Cela faisait beaucoup trop de « peut-être » au goût de Briam, mais il n'avait pas suffisamment le temps de peser le pour et le contre. Il fallait agir pour apaiser les hostilités entres les fidèles, et il fallait agir rapidement.
- Dans ce cas, nous donnez-vous l'autorisation de mettre en place ce rituel commun ? demanda Ismar.
- Je vous la donne, répondit le duc en hochant la tête.
- Fort bien, dans ce cas, je ne vous retarde pas plus et vais de ce pas rédiger notre proposition de façon officielle. J'enverrai un coursier la leur remettre en main propre avant la fin de l'après-midi, en espérant qu'ils ne seront pas trop pris au dépourvu...
Briam se leva et se dirigea vers la cloche pour rappeler l'intendant, mais Sirgil l'avait devancé et ouvrait déjà la porte avec un hochement de tête entendu. Le duc lui sourit avec reconnaissance, se demandant quel sixième sens cet homme avait-il bien pu développer pour anticiper ainsi chacune de ses demandes. Puis il salua le Sage et le laissa sortir à la suite de Sirgil.
Il s'accorda quant à lui quelques minutes de sérénité supplémentaires dans la fraîche obscurité de son bureau et se rassit sur son siège en fermant les yeux. Il se massa les tempes en grognant de satisfaction, puis glissa ses doigts dans sa barbe, comme il le faisait chaque fois qu'il réfléchissait intensément.

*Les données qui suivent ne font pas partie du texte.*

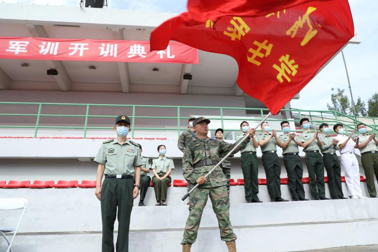 军训副总指挥、学生部部长、武装部部长、国防教育与人才培养办公室主任张婷主持大会并宣读了军训指挥部成员名单。今年,清华大学学生军训旅下设4个营,32个连。开训典礼上,蒋志刚为军训旅授旗。

L'agitation extérieure lui parvenait par bribes de bruits étouffés ; les pas qui résonnaient sur les dalles du couloir, les voix des domestiques qui s'interpellaient de part et d'autre, les sons des instruments que l'on accordait, les coups des marteaux qui installaient les estrades et les tentes dans les jardins... Il devinait l'impatience et l'enthousiasme de tout ce monde qui s'affairait au-dehors mais lui-même ne parvenait à ressentir que de l'inquiétude. Cette proposition des Cinq Sages pour apaiser les tensions religieuses était très certainement judicieuse, mais il ne parvenait pas à se défaire du mauvais pressentiment qui lui serrait l'estomac.
Après avoir avalé une seconde tasse de thé glacé, il se releva à regret pour rejoindre l'effervescence des préparatifs. Il avait encore beaucoup à faire avant de retrouver son épouse Elmande pour la promenade en forêt qu'il lui avait promise le matin même. A cette idée, un large sourire éclaira son visage bourru ; rien ne l'apaisait jamais plus qu'une heure ou deux en compagnie de la Duchesse, loin de l'ambiance protocolaire du château.